Eric Hobsbawn, celebre storico inglese di scuola marxista, interpreta il brigantaggio come exemplum del
banditismo sociale, lui vede il brigantaggio come una forma di ribellione individuale o di minoranza
all’interno delle società rurali.

Libro di Carlo Levi “Cristo si è fermato ad Eboli”
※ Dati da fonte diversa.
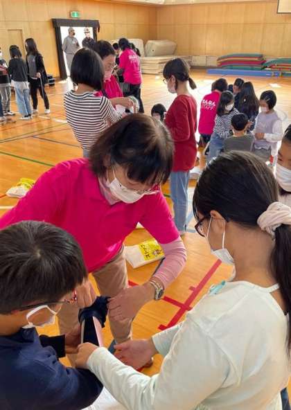講堂のコーナーでは、身近な布などを使った応急手当の方法を教えていただいています。

Questo testo contiene un'analisi dettagliata sull'opera "Cristo si è fermato a Eboli" di Carlo Levi e
sull'importanza del brigantaggio nella memoria e nella cultura della Basilicata. L'opera di Levi offre uno
spaccato sociale della regione meridionale e del fenomeno del brigantaggio, che viene visto non solo come
un evento storico, ma anche come un mito che permea la vita e la coscienza della popolazione locale. Levi
presenta il brigantaggio come una guerra contadina, in cui i briganti vengono idealizzati come difensori
della libertà e della vita della plebe rurale contro lo Stato. Questo aspetto mitico ha prevalso sull'aspetto
storico del brigantaggio nel corso del tempo, trasformando il fenomeno in una sorta di leggenda che
continua a influenzare la cultura e l'identità della regione. Successivamente, il brano menziona
un'evoluzione nel modo in cui il brigantaggio è stato trattato, passando da una mitizzazione inconscia da
parte dei contadini a un uso strumentale del fenomeno a fini politici e turistici. Si nota che dopo l'opera di
Levi e fino alla pubblicazione dei primi saggi di Tommaso Pedìo negli anni '60, non ci sono stati significativi
interventi sull'argomento del brigantaggio lucano, se non alcuni studi antropologici e sociologici condotti
sulla Basilicata. Infine, viene menzionato il lavoro di Saverio Cilibrizzi, che si è laureato in giurisprudenza a
Napoli e ha condotto studi storici sul Risorgimento italiano e sulla storia italiana del Novecento, culminati
nella pubblicazione di opere come "Il pensiero, l'azione e il martirio della città di Napoli nel Risorgimento e
nelle due guerre mondiali" tra il 1961 e il 1968.